5

I am trying to update one common dictionary through multiple processes. Could you please help me find out what is the problem with this code? I get the following output:

inside function
{1: 1, 2: -1}
comes here
inside function
{1: 0, 2: 2}
comes here
{1: 0, 2: -1}

Thanks.

from multiprocessing import Lock, Process, Manager

l= Lock()


def computeCopyNum(test,val):
    l.acquire()
    test[val]=val
    print "inside function"
    print test
    l.release()
    return

a=dict({1: 0, 2: -1})

procs=list()

for i in range(1,3):
    p = Process(target=computeCopyNum, args=(a,i))
    procs.append(p)
    p.start()

for p in procs:
p.join()
    print "comes here"

print a
user1050325
  • 1,252
  • 2
  • 10
  • 14

3 Answers3

10

The answer is actually quite simple. You're using the multiprocessing module, with which you start several different python processes.

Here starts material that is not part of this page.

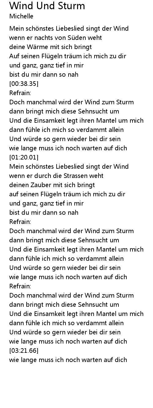 | [01:21.70] | Mein sch nstes Liebeslied singt der Wind |

Different processes have different address spaces and they do not share memory, so all your processes write to their own local copy of the dictionary.

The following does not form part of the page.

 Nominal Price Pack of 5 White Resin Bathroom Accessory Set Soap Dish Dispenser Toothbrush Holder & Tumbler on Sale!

The easiest way to do inter-process communication when using the multiprocessing module is to use a queue to communicate between the slave processes and the master process.

from multiprocessing import Process, Queue

def computeCopyNum(queue, val):
    queue.put(val) # can also put a tuple of thread-id and value if we would like to

procs=list()

queue = Queue()
for i in range(1,3):
    p = Process(target=computeCopyNum, args=(queue, i))
    procs.append(p)
    p.start()

for _ in procs:
    val = queue.get()
    # do whatever with val

for p in procs:
    p.join()

If each slave-process can generate multiple output values it might be prudent to let each slave-process write a sentinel-value to the queue to signal to the master that it's done. Then the code might look something like:

def slave(queue):
    for i in range(128): # just for example
        val = #some calculated result
        queue.put(val)

    queue.put(None) # add a sentinel value to tell the master we're done

queue = Queue()

# spawn 32 slave processes
num_procs = 32
procs = [Process(target=slave, args=(queue, )) for _ in range(num_procs)]
for proc in procs: 
    proc.start()

finished = 0
while finished < num_procs:
    item = queue.get()
    if item is None: 
        finished += 1
    else: 
        # do something with item

for proc in procs: 
    proc.join()

You can also use a Manager, as shown in another answer. The problem with that approach is that a lot of implicit memory copying between process address spaces might occur, and that can be hard to reason about. I always prefer using explicit queues.

dnaq
  • 2,104
  • 1
  • 14
  • 24
  • +1, good point about memory copying. Still, for pedagogical reasons, I think `Manager` is a better starting point for beginners. – senderle Sep 21 '12 at 22:05
  • When I use the Queue, I get the following error:Break on __THE_PROCESS_HAS_FORKED_AND_YOU_CANNOT_USE_THIS_COREFOUNDATION_FUNCTIONALITY___YOU_MUST_EXEC__() to debug. The process has forked and you cannot use this CoreFoundation functionality safely. You MUST exec(). – user1050325 Sep 21 '12 at 23:30
  • Could you post your code? I verified that the code i posted worked, if you just copy the first sample verbatim it should work. – dnaq Sep 22 '12 at 09:50
  • I don't know how to post the code in comment section, the formatting isn't showing up... But I am putting a hashtable each time in the queue instead of a single value. Is that what is causing the problem? – user1050325 Sep 25 '12 at 20:48
  • better use multiprocessing.JoinableQueue – Bob Mar 04 '17 at 12:50
6

You import Manager, but you don't do anything with it. As a first approach, do this instead:

a = Manager().dict({1: 0, 2: -1})

Global variables won't work the way you expect when using multiprocessing. Subprocess only have access to a copy, and the changes they make are forgotten when they exit, unless you're using a specially designed object capable of propagating information between processes.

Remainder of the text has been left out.